Exercise description:
Copy exactly the lines of the material below that fall between the line with "В Рязани реализуется" and the line with "Long Sleeve Rash", both of those lines included; pictures stay out.

#### Data

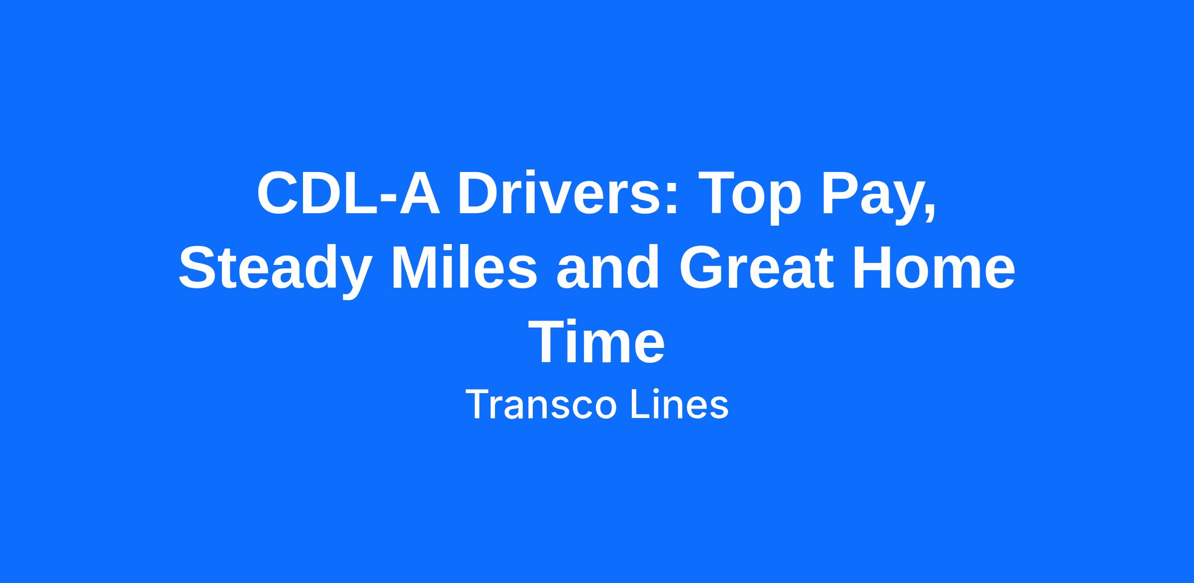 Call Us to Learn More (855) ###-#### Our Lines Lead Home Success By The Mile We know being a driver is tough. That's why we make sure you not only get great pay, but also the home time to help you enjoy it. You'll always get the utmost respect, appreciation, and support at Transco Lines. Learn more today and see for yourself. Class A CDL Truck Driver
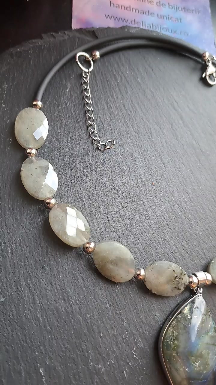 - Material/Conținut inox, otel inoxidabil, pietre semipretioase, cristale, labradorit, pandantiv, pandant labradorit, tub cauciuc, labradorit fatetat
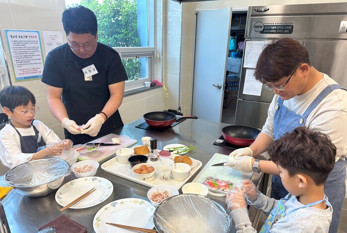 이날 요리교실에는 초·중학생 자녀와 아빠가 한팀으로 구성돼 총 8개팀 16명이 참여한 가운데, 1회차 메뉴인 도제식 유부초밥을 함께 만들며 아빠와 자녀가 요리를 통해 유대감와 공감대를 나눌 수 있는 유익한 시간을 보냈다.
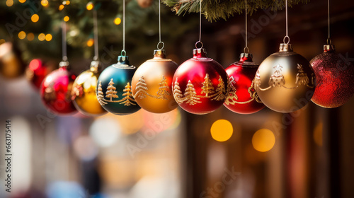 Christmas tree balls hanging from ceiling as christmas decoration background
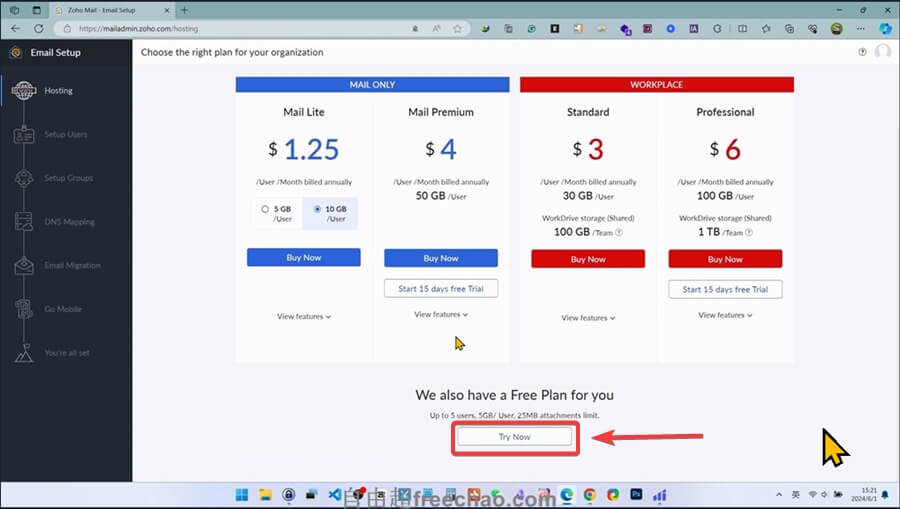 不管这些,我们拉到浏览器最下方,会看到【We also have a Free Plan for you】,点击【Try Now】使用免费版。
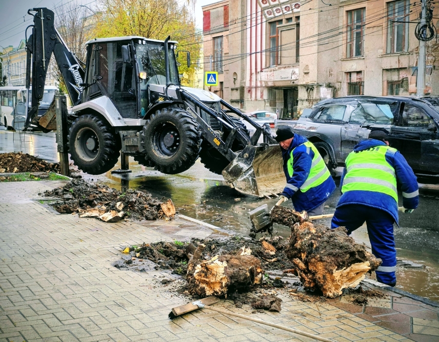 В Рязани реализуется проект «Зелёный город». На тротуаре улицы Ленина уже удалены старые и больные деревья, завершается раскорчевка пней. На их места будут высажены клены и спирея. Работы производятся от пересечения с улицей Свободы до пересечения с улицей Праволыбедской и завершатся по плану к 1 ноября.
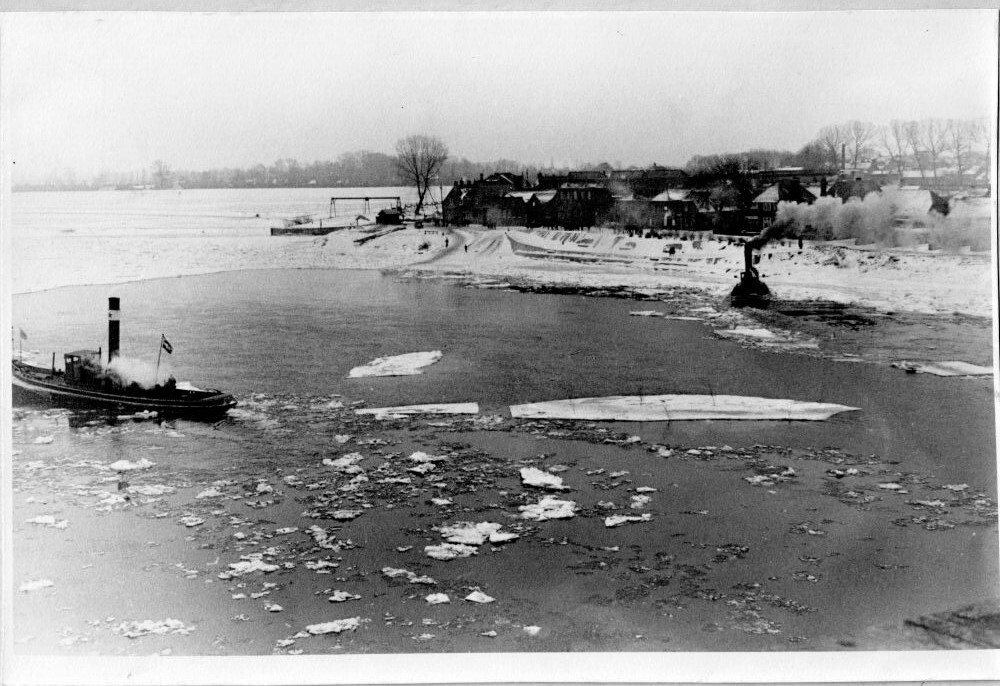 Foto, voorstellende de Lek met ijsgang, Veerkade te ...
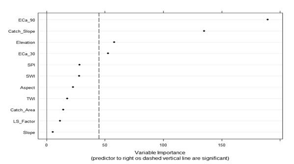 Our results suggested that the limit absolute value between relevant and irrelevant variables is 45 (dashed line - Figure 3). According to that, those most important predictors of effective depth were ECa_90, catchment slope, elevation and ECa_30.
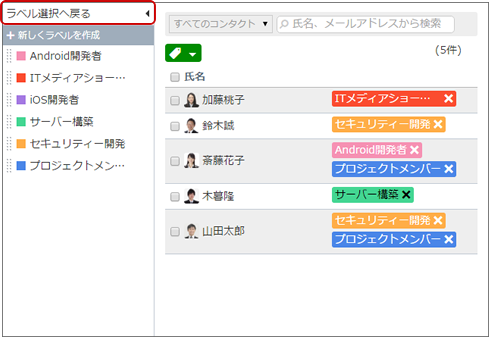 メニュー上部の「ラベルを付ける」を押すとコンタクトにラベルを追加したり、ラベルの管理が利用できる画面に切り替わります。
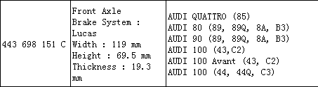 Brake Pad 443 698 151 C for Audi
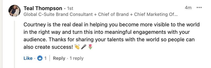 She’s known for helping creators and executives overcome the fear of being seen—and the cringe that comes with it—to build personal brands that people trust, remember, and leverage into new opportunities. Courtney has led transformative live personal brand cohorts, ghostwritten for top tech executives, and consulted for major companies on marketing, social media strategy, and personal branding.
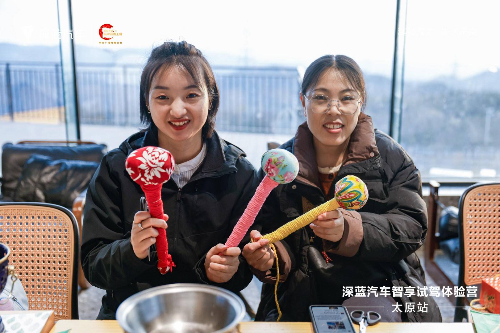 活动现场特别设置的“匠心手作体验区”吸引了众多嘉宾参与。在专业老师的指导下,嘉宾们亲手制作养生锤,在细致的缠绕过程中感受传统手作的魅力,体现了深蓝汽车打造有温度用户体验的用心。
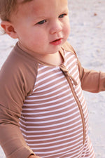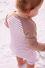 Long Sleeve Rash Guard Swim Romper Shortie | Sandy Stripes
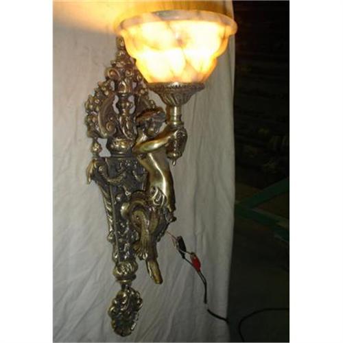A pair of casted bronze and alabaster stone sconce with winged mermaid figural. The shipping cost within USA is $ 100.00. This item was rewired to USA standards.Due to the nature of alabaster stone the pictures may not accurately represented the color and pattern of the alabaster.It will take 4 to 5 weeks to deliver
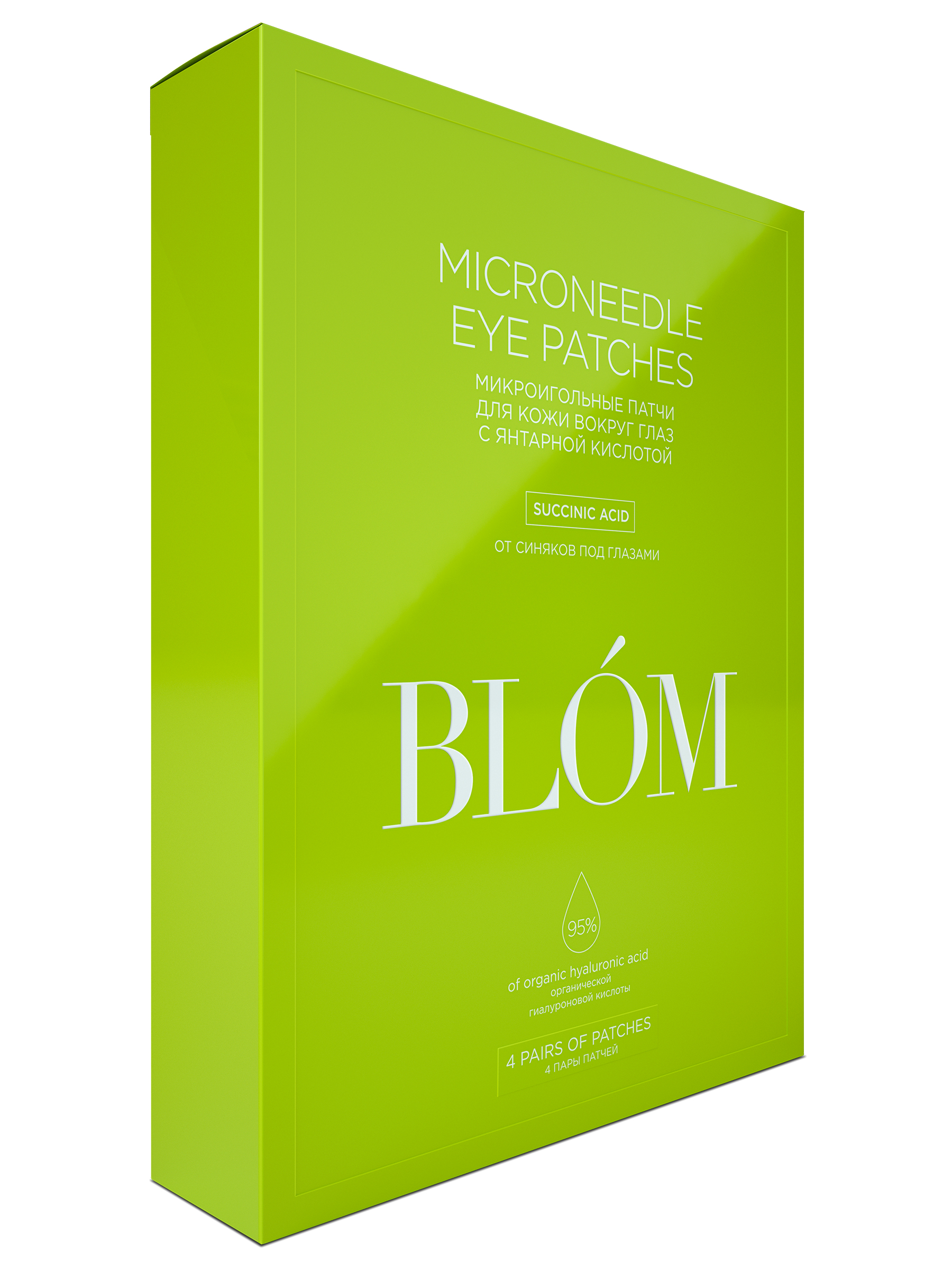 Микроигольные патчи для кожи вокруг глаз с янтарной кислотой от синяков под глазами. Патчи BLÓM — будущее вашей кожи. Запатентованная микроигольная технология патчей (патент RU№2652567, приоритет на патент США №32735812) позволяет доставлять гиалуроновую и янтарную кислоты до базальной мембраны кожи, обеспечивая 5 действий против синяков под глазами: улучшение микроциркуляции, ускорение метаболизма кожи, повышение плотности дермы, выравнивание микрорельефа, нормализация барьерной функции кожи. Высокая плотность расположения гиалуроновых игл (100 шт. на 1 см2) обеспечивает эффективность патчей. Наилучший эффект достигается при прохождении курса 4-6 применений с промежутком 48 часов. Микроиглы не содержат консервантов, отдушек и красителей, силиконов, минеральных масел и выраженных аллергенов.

########

Output:
 В Рязани реализуется проект «Зелёный город». На тротуаре улицы Ленина уже удалены старые и больные деревья, завершается раскорчевка пней. На их места будут высажены клены и спирея. Работы производятся от пересечения с улицей Свободы до пересечения с улицей Праволыбедской и завершатся по плану к 1 ноября.
 Foto, voorstellende de Lek met ijsgang, Veerkade te ...
 Our results suggested that the limit absolute value between relevant and irrelevant variables is 45 (dashed line - Figure 3). According to that, those most important predictors of effective depth were ECa_90, catchment slope, elevation and ECa_30.
 メニュー上部の「ラベルを付ける」を押すとコンタクトにラベルを追加したり、ラベルの管理が利用できる画面に切り替わります。
 Brake Pad 443 698 151 C for Audi
 She’s known for helping creators and executives overcome the fear of being seen—and the cringe that comes with it—to build personal brands that people trust, remember, and leverage into new opportunities. Courtney has led transformative live personal brand cohorts, ghostwritten for top tech executives, and consulted for major companies on marketing, social media strategy, and personal branding.
 活动现场特别设置的“匠心手作体验区”吸引了众多嘉宾参与。在专业老师的指导下,嘉宾们亲手制作养生锤,在细致的缠绕过程中感受传统手作的魅力,体现了深蓝汽车打造有温度用户体验的用心。
 Long Sleeve Rash Guard Swim Romper Shortie | Sandy Stripes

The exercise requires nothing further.